HÉCUBA.- ¡Ay desventurada de mí! ¡Remate es éste y último fin de mis males! Dejo a mi país. natal y a mi ciudad entregada a las llamas. Así, pies cansados por la vejez, daos prisa a saludarla por última vez, aunque os cueste trabajo. ¡Oh Troya, hace poco el orgullo de los bárbaros; no tardarás en perder tu ilustre nombre! Te incendian y nos arrancan esclavas de tu seno, ¡oh dioses! Pero, ¿qué dioses invoco? Antes, cuando los llamé, no me oyeron. Precipitémonos, pues, en el fuego, pues será para mí lo más honroso perecer en él.

TALTIBIO.- Tus males te hacen delirar, ¡oh desventurada! Lleváosla pues, sin demorar, es preciso entregarla a Odiseo, a quien ha tocado en el reparto del botín.

HÉCUBA.- ¡Ay, ay de mí! ¡Ay, ay, ay de mi! ¡Oh Cronida!, rey de Frigia, tronco de mi estirpe, ¿contemplas impasible los indignos ultrajes que sufren los descendientes de Dárdano?

EL CORO.- Lo ve; la gran ciudad, que ya no lo es, ha perecido; ya no existe Troya.

HÉCUBA.- ¡Ay, ay de mí! ¡Ay, ay, ay de mí! Ilión resplandece; el fuego devora ya el elevado alcázar, y la ciudad entera, y las más altas murallas.

EL CORO.- Y como el viento se lleva el humo, así pereció mi patria, cayendo desde la altura al empuje del hierro; abrasados han sido tus palacios, presa del fuego y de enemiga lanza.

HÉCUBA.- ¡Oh patria, madre de mis hijos!

EL CORO.-¡Ay, ay de mí!

HÉCUBA.- ¡Oíd, hijos; reconoced la voz de vuestra madre!

EL CORO.- ¿Llamas a los muertos con voz lúgubre?

HÉCUBA (arrodillándose).- Arrastrando por la tierra mis cansados miembros, e hiriéndola con ambas manos.
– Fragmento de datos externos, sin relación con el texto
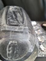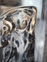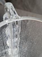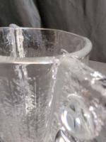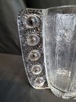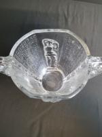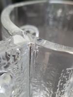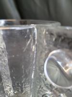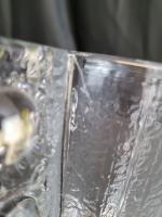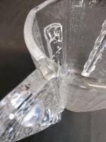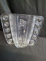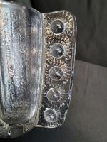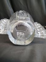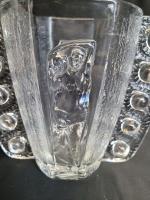 Vase en cristal 17 cm de haut 12,5 cm de diamètre il y a quelques fissures aux niveaux des poignées en haut du vase et une ébréchure visible sur les images.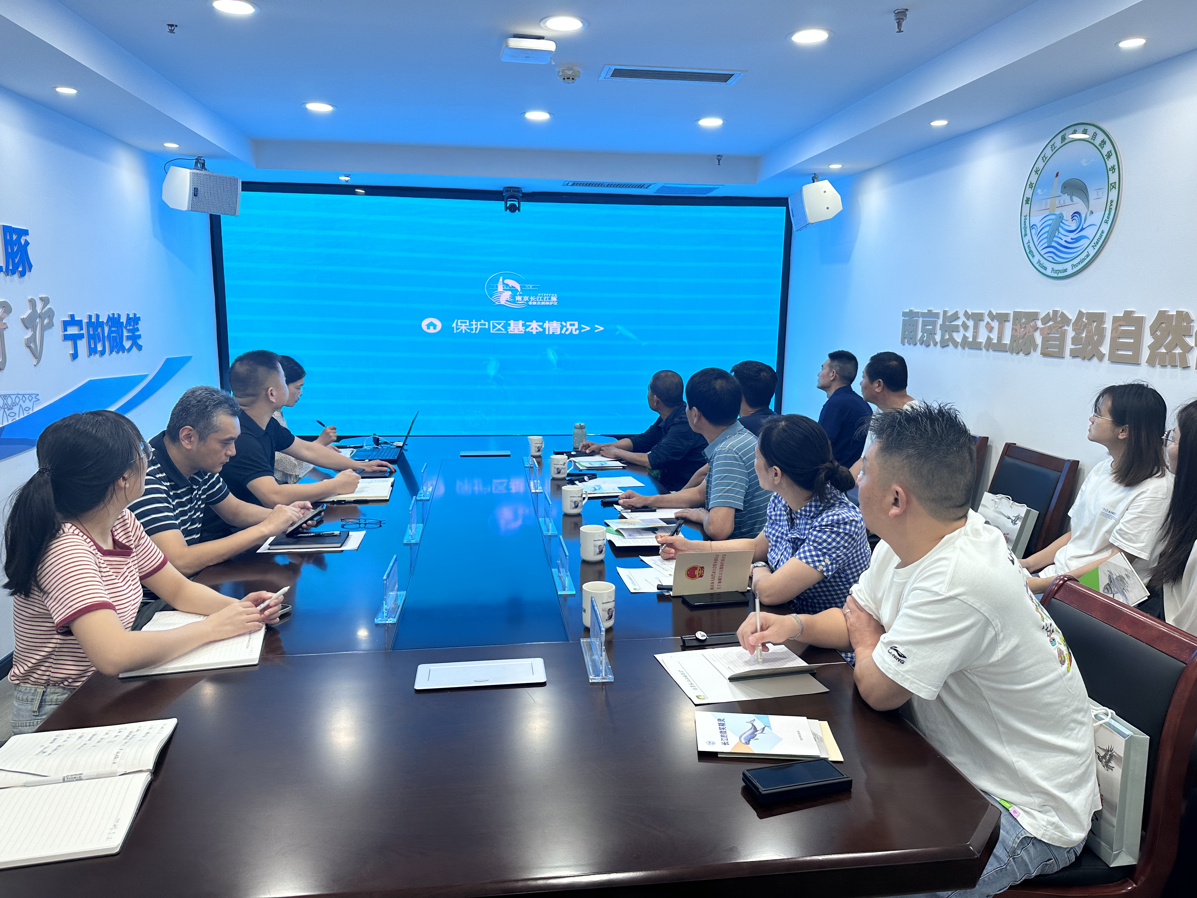 2023年9月5日,湖北长江新螺段白鱀豚国家级自然保护区管理处刘小宇书记一行11人,莅临南京长江江豚省级自然保护区考察交流。考察团参观了南京长江江豚监测站,听取了南京江豚保护区的工作汇报,并就长江江豚物种保护、保护区信息化建设、社区共建和科普宣教工作进一步交流讨论,高度评价保护区的信息化建设和社会面公益科普宣传等建设管理工作。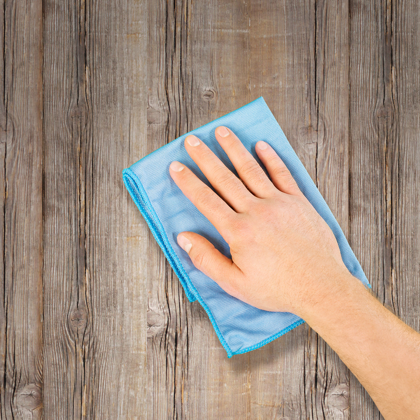 - Reinige eventuelle Verschmutzungen oder Kleberreste sofort mit einem feuchten Schwamm oder Tuch.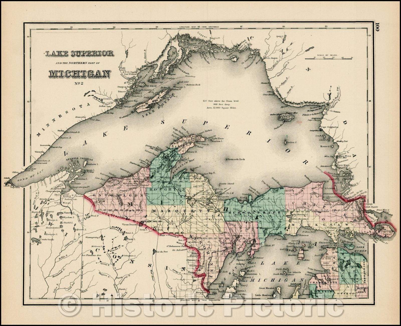 Historic Map - Lake Superior and the Northern Part of Michigan, 1875, O.W. Gray - Vintage Wall Art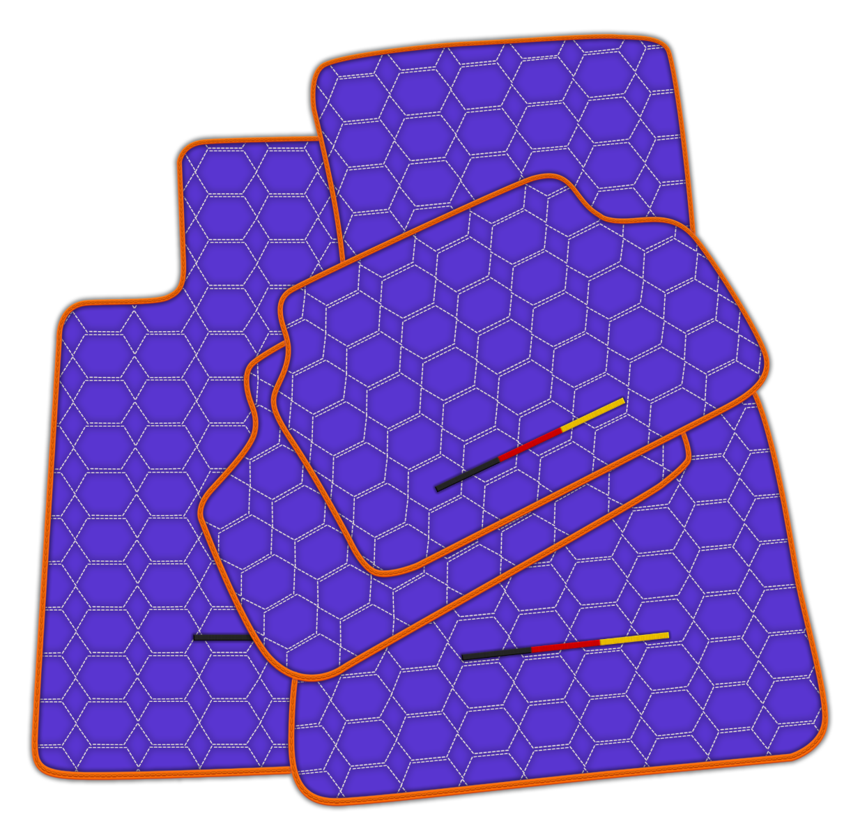 Atualize o interior do seu carro com os nossos tapetes de carro em pele roxa para BMW. Feitos de pele de alta qualidade, estes tapetes apresentam um elegante padrão hexagonal com costuras brancas e uma borda laranja atraente. Mostre o seu orgulho alemão com a bandeira alemã incluída. Eleve a sua experiência de condução hoje.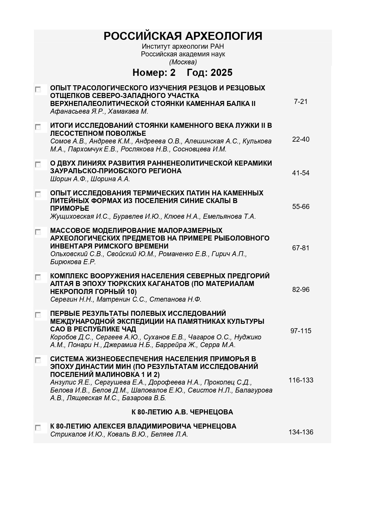 Российская археология 2025 № 2 |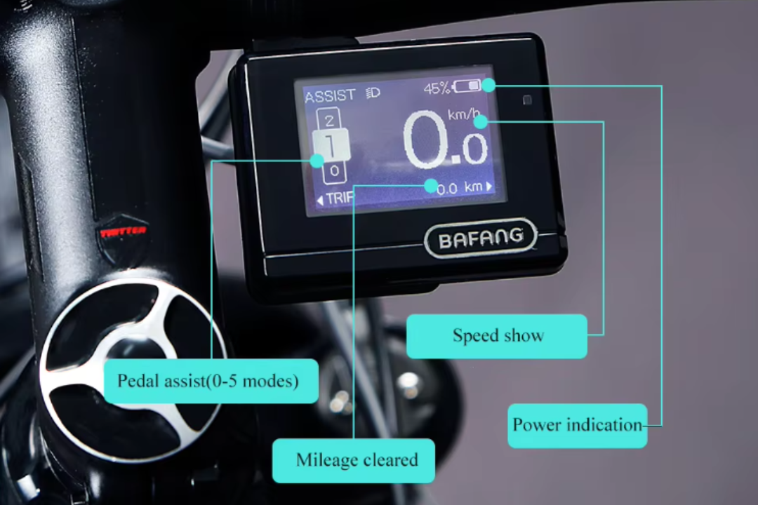 - HMI Display: Bafang LCD digital display with 0–5 power modes for real-time monitoring of performance and battery life.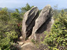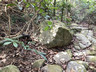 繼續靠右前行,經過一支野外定向標柱(印象中涌沙頂附近也有一支13號標柱),翻查網上資料,昔日涌沙頂至灣仔半島是野外定向白沙澳賽區,曾經舉行不少野外定向比賽,當中甚至包括世界杯賽事,但於約廿年前停用。再前行一小段,便來到筊杯石。沿着筊杯石右邊的小徑前行,下降至大灘郊遊徑。由登獅地開始,大部份時間都是於叢林小徑穿梭上落,在這兒感覺終於逃出叢林,可以放鬆一下。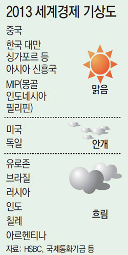 올해 한국 중국 대만 싱가포르 등 아시아 주요국은 성장세를 보이는 반면 재정위기 등에서 벗어나지 못하고 있는 유럽의 일부 국가는 마이너스 성장을 하는 등 ‘올해 경제 기상도’는 지역별로 뚜렷한 대조를 보일 것이라는 전망이 나왔다.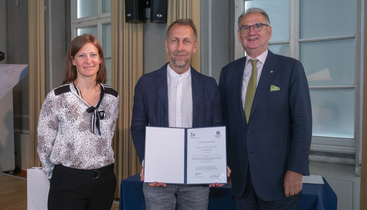 BU: Rachel Guerra (l.) überreichte dem letztjährigen Preisträger Matthias Erlacher (M.) im Beisein von Rektor W. Wolfgang Fleischhacker (r.) die Urkunde.
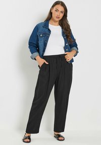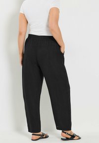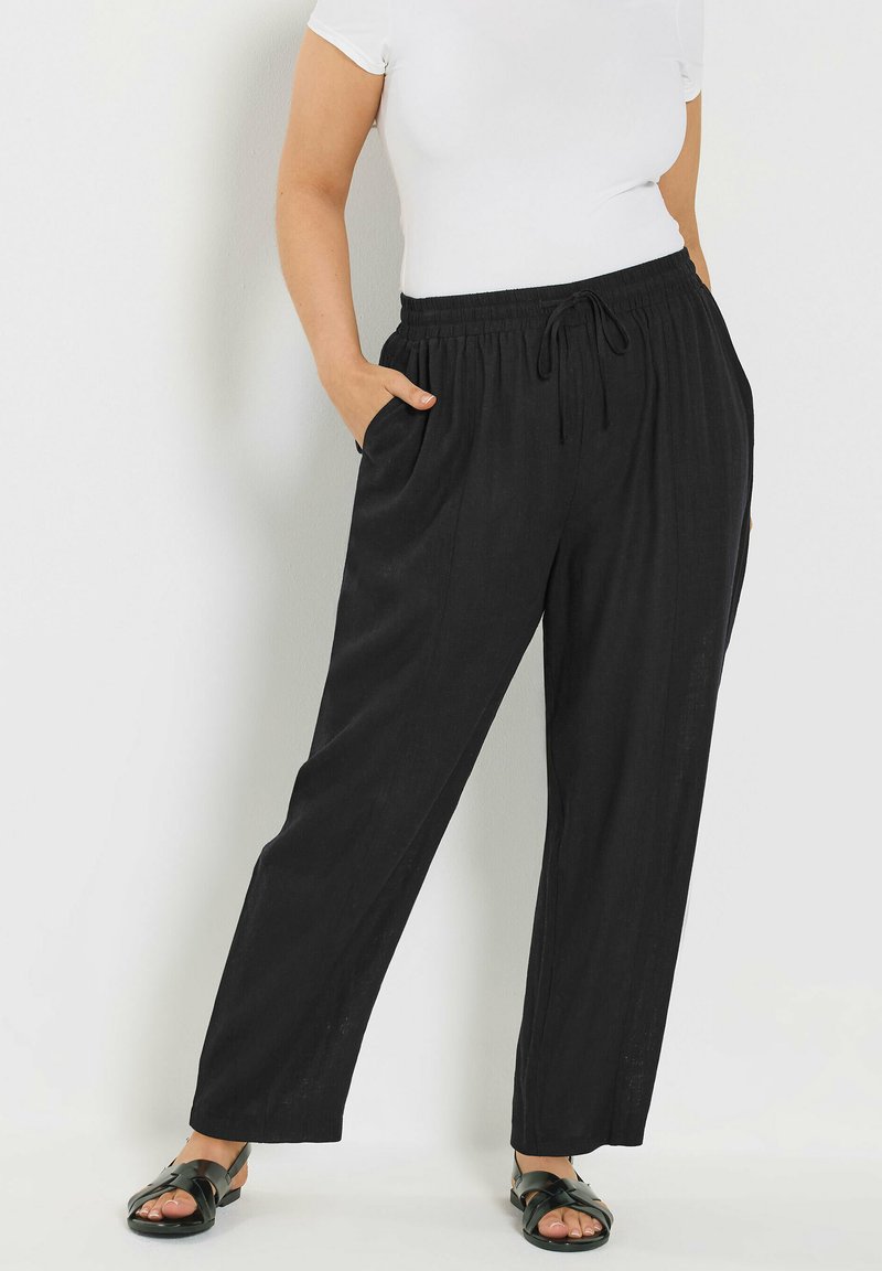 Vrouw draagt losse zwarte broek met trekkoord, wit shirt met korte mouwen en zwarte sandalen, staand met één hand in de zak.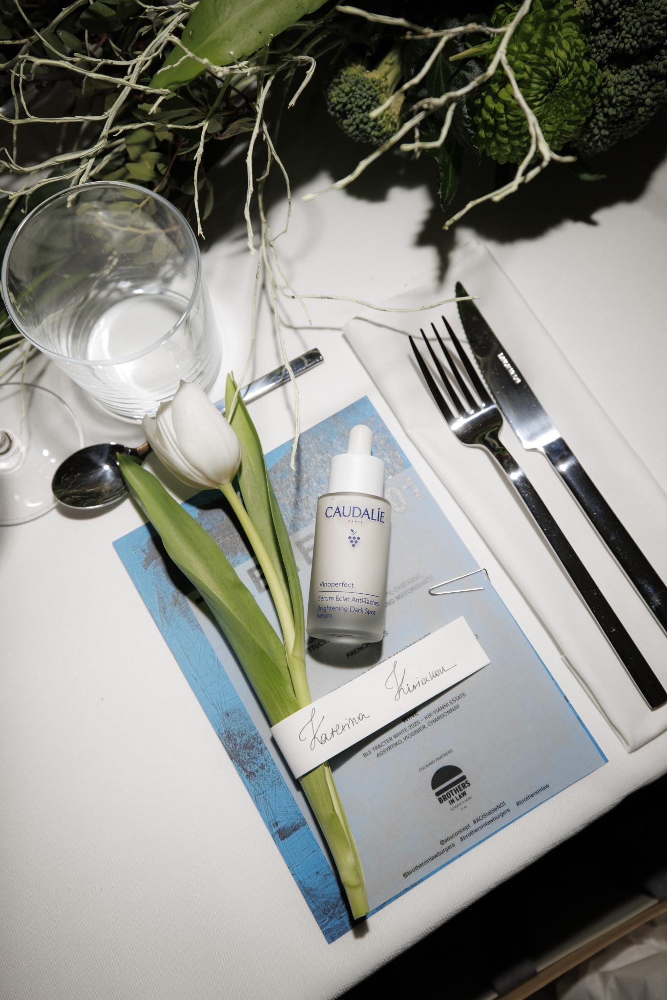 Κατά τη διάρκεια της βραδιάς, οι καλεσμένοι έλαβαν ένα specially curated goodie bag, το οποίο περιλάμβανε έργο της καλλιτέχνιδας, το signature porte-clés του AOS, καθώς και το Vinoperfect Brightening Dark Spot Serum της Caudalie, προσθέτοντας μια επιπλέον διάσταση φροντίδας και αισθητικής εμπειρίας.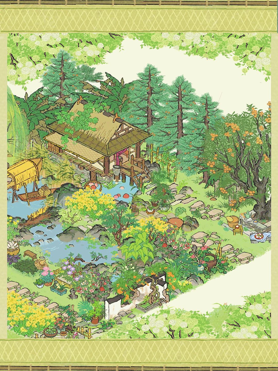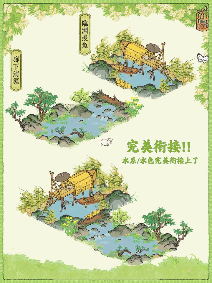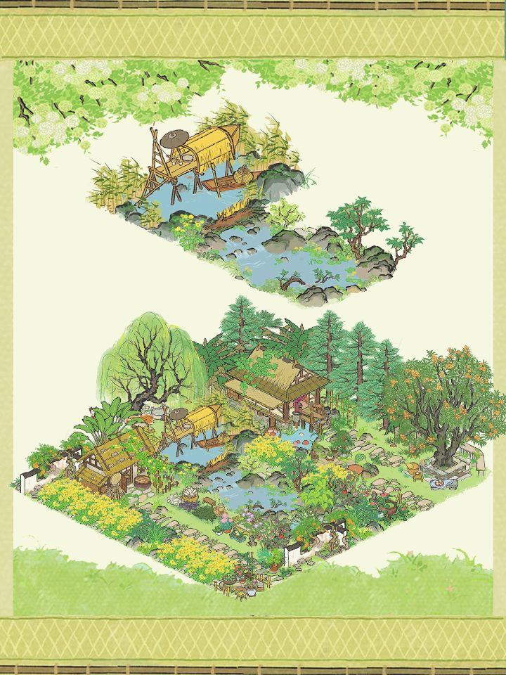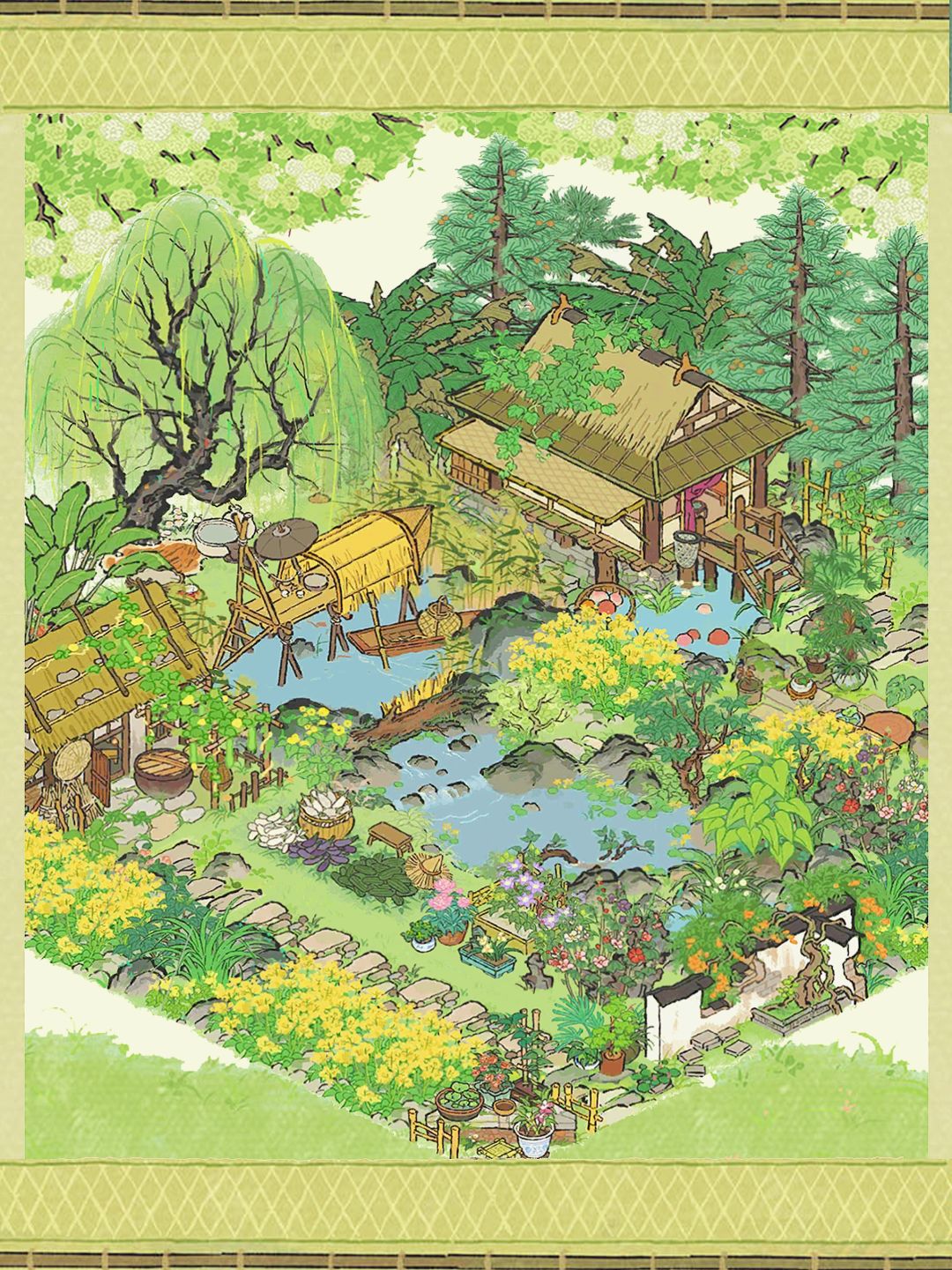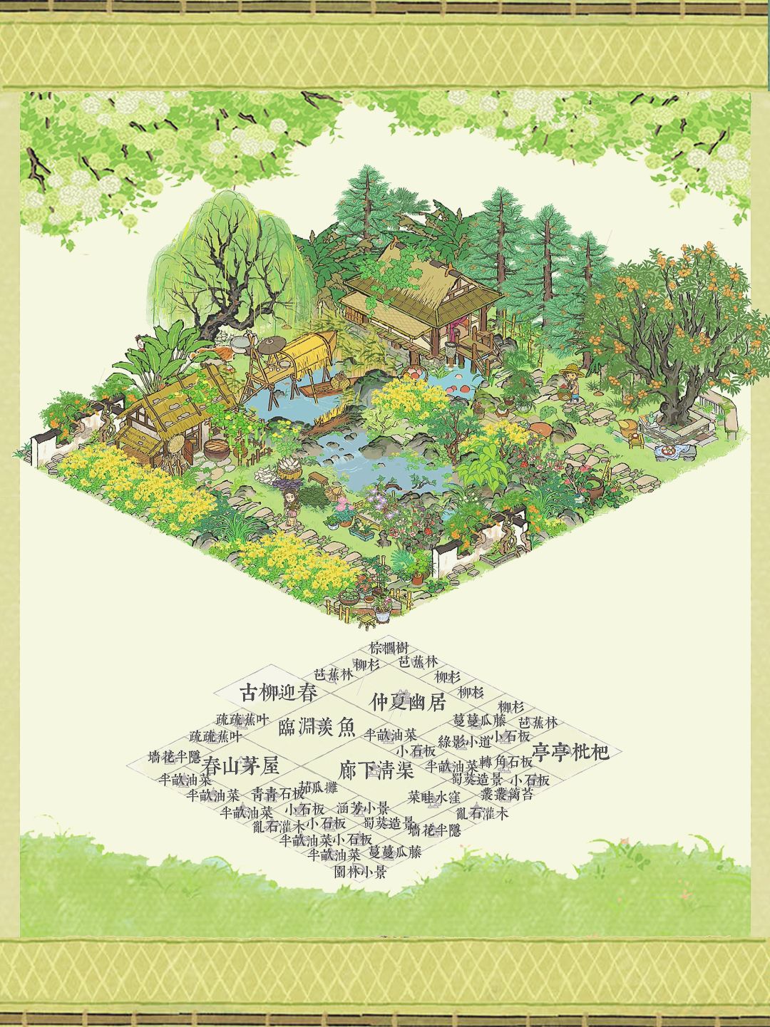 建筑:临渊羡鱼,廊下清渠,春山茅屋,仲夏幽居,亭亭枇杷,古柳迎春,墙花半隐,绿影小道

EL CORO.- Ahora nos toca a nosotras hincar la rodilla, llamando a nuestros esposos desdichados, que moran en el Hades.

HÉCUBA.- Nos llevan, nos arrastran ...

EL CORO.- Tu dolor, tu dolor publicas.

HÉCUBA.- A los atrios, en donde seré esclava, lejos de mi patria. ¡Ay, ay de mí! ¡Oh Príamo, Príamo; tú muerto, insepulto, sin amigos, ignoras mi desdicha!

EL CORO.- La negra muerte cubre tus ojos; un crimen impío se burla de tu piedad.

HÉCUBA.- ¡Ay de los templos de los dioses, y de mi ciudad amada!

EL CORO.- ¡Ay, ay de mí!

HÉCUBA.- Mortífera es la llama que os abrasa, y la punta de la lanza que os hiere.

EL CORO.- Pronto caeréis sin gloria en mi suelo adorado.

HÉCUBA.- El polvo, semejante al humo, en alas de los vientos me roba la vista de mi palacio.

EL CORO.- Se olvidará el nombre de esta región como todo se olvida; ya no existe la desdichada Troya.

HÉCUBA.- ¿Lo habéis visto? ¿Lo habéis oído?

EL CORO.- ¿El fragor de Pérgamo al derrumbarse?

HÉCUBA.- Tiembla la tierra, tiembla la tierra al desplomarse toda la ciudad. ¡Ay de mí! Trémulos, trémulos miembros arrastran mis pies. Vamos a vivir en la esclavitud.

EL CORO.- ¡Ay de la ciudad infortunada! Ea, dirige tus pasos hacia las naves de los aqueos.